Here's the thing though: He's given me a mission. This mission truly sucks. I have to transmit his words about the Catholic church and, just so you know, he's out to topple it once and for all. And he wants me to tell anyone who'll listen about the REAL God, the one that so many agnostics are aching to find! I want you to know, I personally do not claim the 'glory' for this. I've resisted it, actually. I know that there are a few out there who have read Big Smile's words who I've never met and have already started acting on them. There's a movement coming and I'm supposed to help it by letting Big Smile have some equal press time.
Last thing. Recently, Big Smile 'showed' me his real name. I'm still reeling and I'm not ready to say it. But as he just said when I wrote that last sentence, "Remember and speak all of my names and I will make prophets of you all!" And no, it's not God. But God does pray to us, just so you know.
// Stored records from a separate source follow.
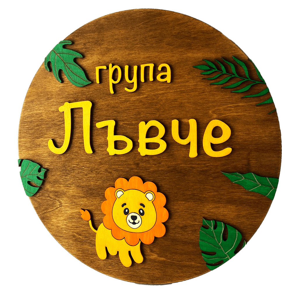Добавете уникален и забавен акцент към детската стая или специално пространство с нашата дървена табела с обемно лъвче и зелени листа. Тази красива и ръчно изработена табела е изработена от висококачествен шперплат и може да бъде персонализирана според вашите желания.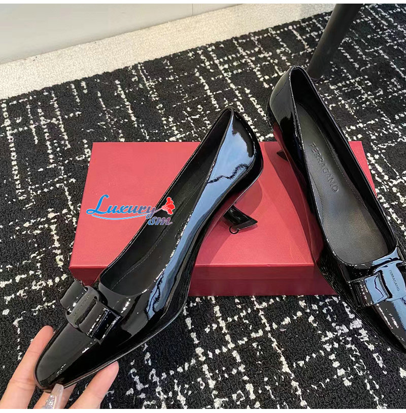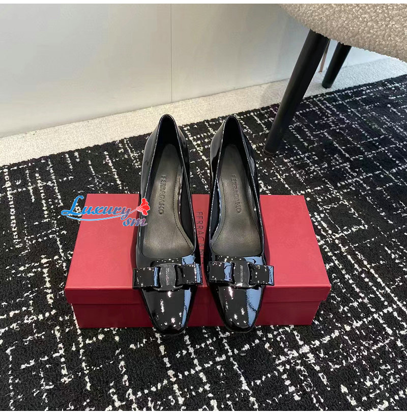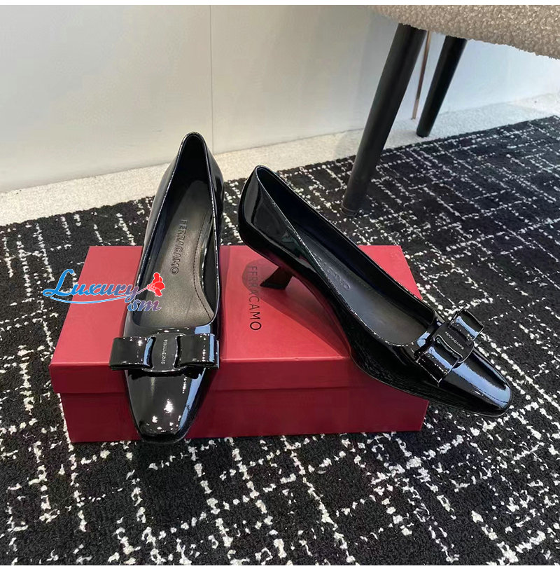Ferragamo-01F594 페라가모 블랙 바라 보우 펌프스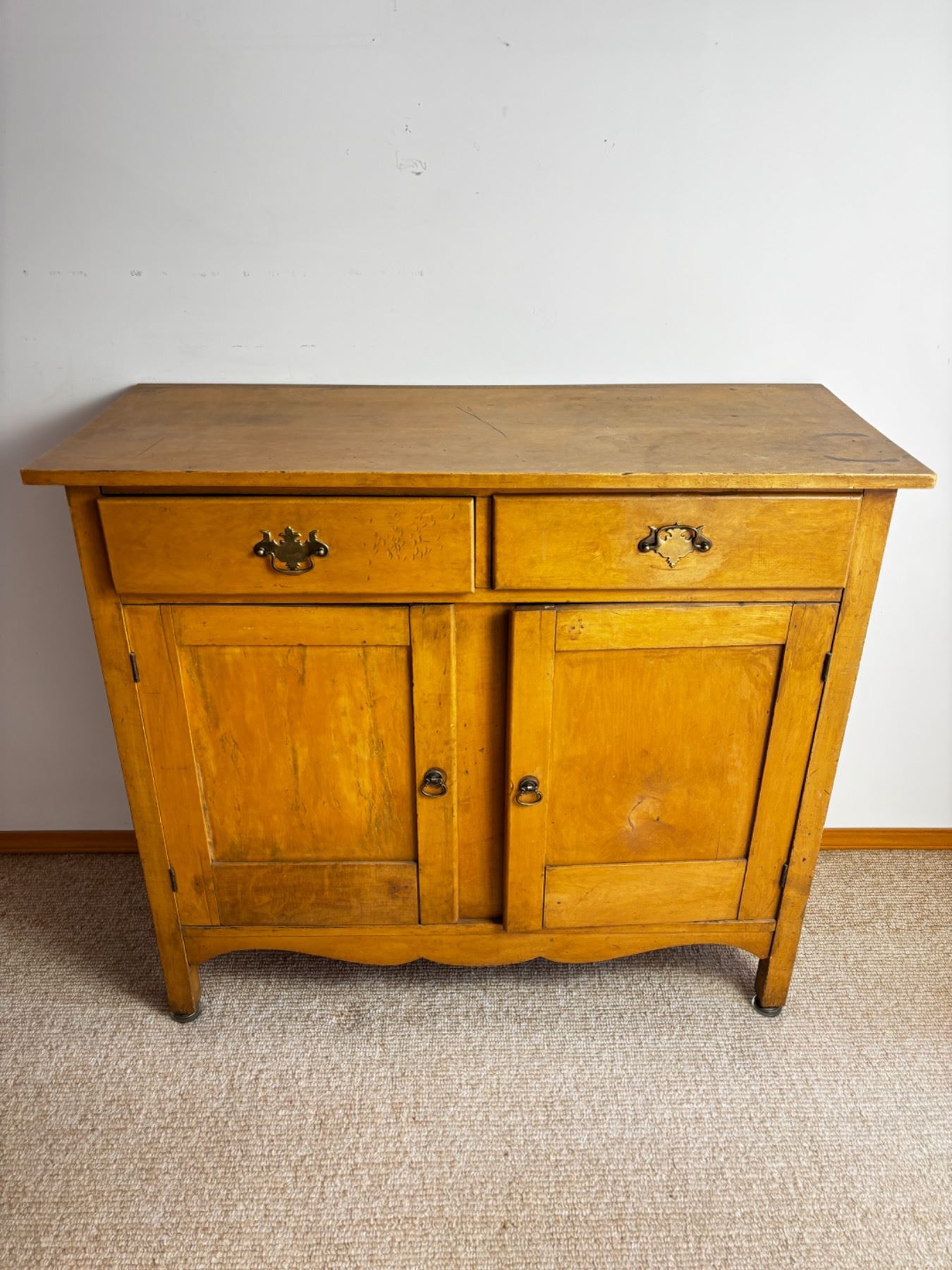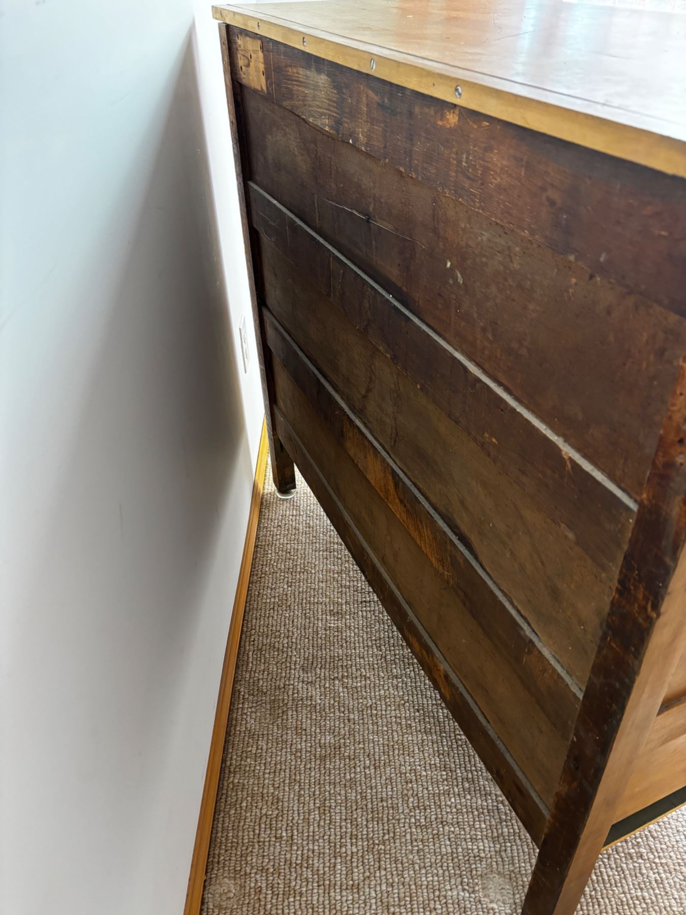 Missing a wooden piece of trim on the left side, wear and tear, 44"L x 18"W x 39"H

So, I guess I'll be posting some excerpts from Big Smile's work here. I hope it doesn't offend the forum staff. I promise to keep it shorter than this from now on. But frankly, I don't expect anyone to do anything except write telling me to go seek professional help, so do with the excerpts what you will. If some of you want to 'test' Big Smile (and yes, I already realize his initials are very funny and potentially ironic [so I would have chosen a cooler name if I was making this up, right?]), post some questions. He's not God, so he's not omnitient, but he does have an interesting take on God, Love, Living with purpose, Freedom, religion, Christianity, esp. Catholicism and lots more. I've got at least 189 document pages so far and that's just the stuff I've had the chance to write down! There really seems to be no end to the work. You know, this sucks. I really hate looking stupid. But I surrender, and I do so with love.I hope someone gets something out of this so I didn't go embarrass myself for nothing! This I freely choose to do in service to Love and as it is mutually beneficial to do so.
Ok, now that I've just showed the world that I'm nuts (yeah, thanks for that Big Smile) I'm going. Sorry this was so long.